____ RAW DATA

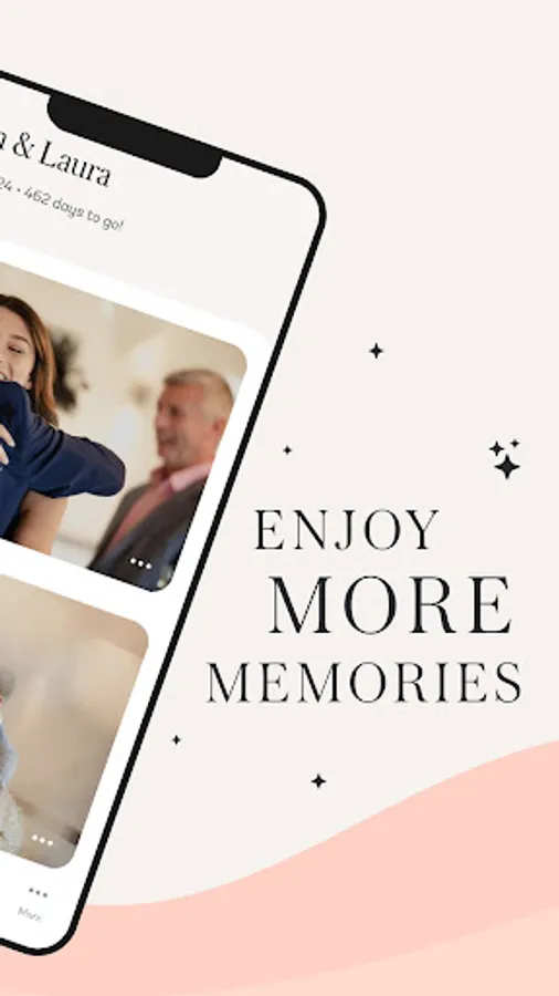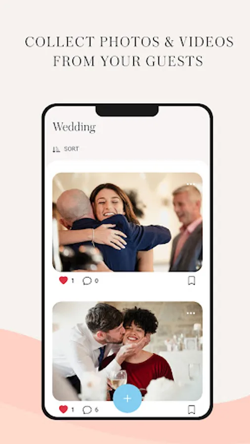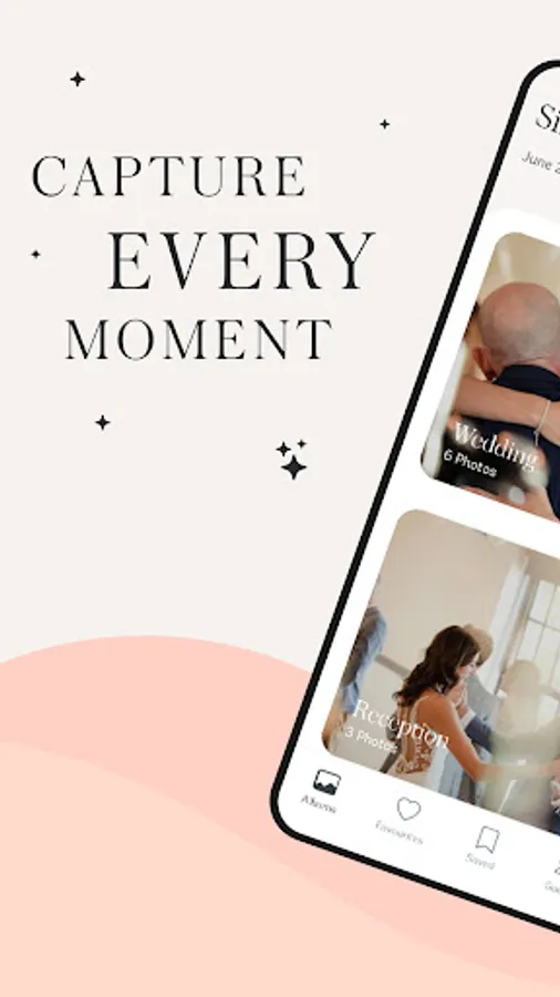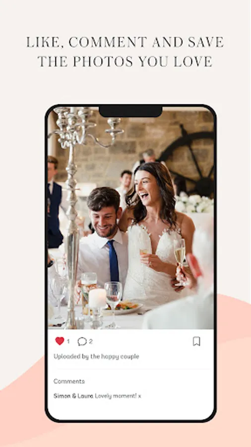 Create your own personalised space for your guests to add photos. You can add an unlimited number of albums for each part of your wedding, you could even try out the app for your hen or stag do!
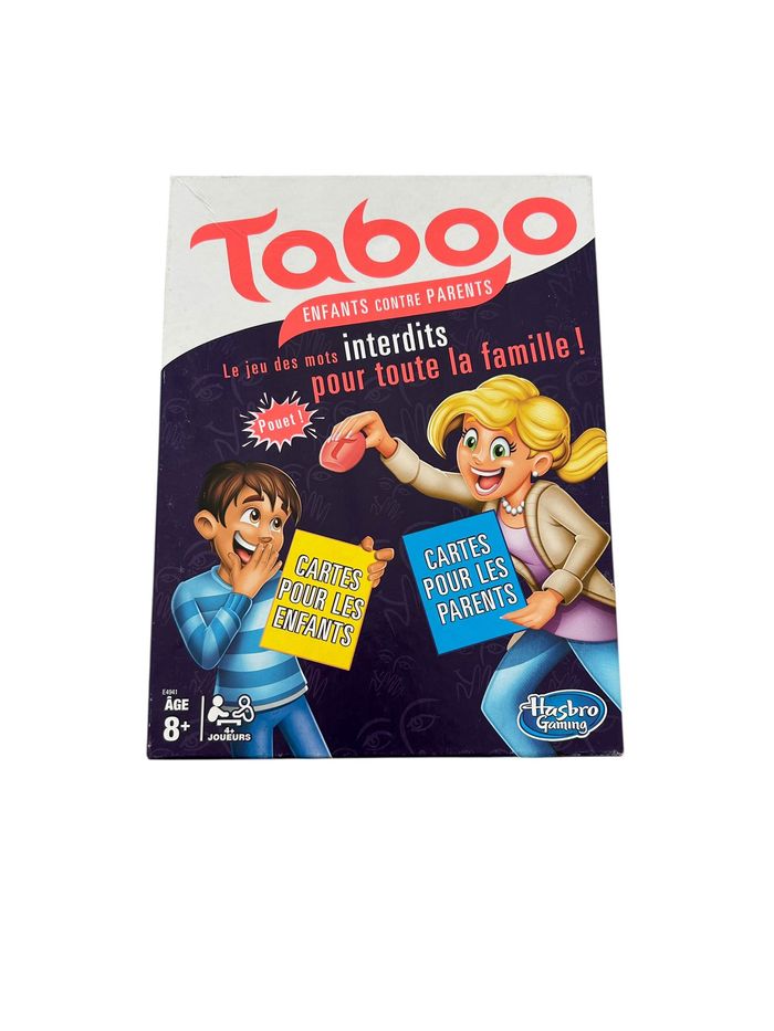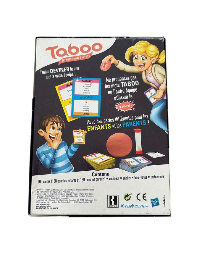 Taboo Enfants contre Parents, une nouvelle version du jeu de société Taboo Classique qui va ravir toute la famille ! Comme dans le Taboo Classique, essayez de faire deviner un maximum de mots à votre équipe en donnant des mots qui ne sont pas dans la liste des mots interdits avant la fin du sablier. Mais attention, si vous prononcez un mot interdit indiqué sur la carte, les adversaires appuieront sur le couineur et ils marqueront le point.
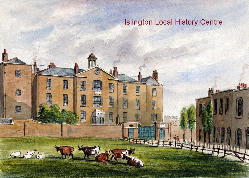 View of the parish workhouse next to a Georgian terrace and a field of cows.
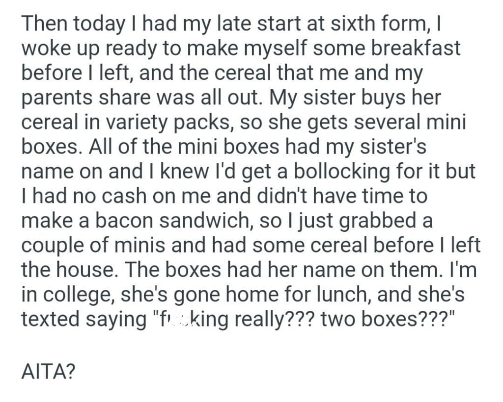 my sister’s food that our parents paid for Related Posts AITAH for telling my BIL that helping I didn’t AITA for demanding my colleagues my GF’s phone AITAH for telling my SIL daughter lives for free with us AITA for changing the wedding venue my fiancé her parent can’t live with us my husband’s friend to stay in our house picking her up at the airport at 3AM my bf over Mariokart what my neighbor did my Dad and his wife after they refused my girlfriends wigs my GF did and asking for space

________

■ PROBLEM REQUIREMENTS ■
Omit the pictures, then copy out all the data exactly as it stands.

■ RESULT OF THE TASK ■
 Create your own personalised space for your guests to add photos. You can add an unlimited number of albums for each part of your wedding, you could even try out the app for your hen or stag do!
 Taboo Enfants contre Parents, une nouvelle version du jeu de société Taboo Classique qui va ravir toute la famille ! Comme dans le Taboo Classique, essayez de faire deviner un maximum de mots à votre équipe en donnant des mots qui ne sont pas dans la liste des mots interdits avant la fin du sablier. Mais attention, si vous prononcez un mot interdit indiqué sur la carte, les adversaires appuieront sur le couineur et ils marqueront le point.
 View of the parish workhouse next to a Georgian terrace and a field of cows.
 my sister’s food that our parents paid for Related Posts AITAH for telling my BIL that helping I didn’t AITA for demanding my colleagues my GF’s phone AITAH for telling my SIL daughter lives for free with us AITA for changing the wedding venue my fiancé her parent can’t live with us my husband’s friend to stay in our house picking her up at the airport at 3AM my bf over Mariokart what my neighbor did my Dad and his wife after they refused my girlfriends wigs my GF did and asking for space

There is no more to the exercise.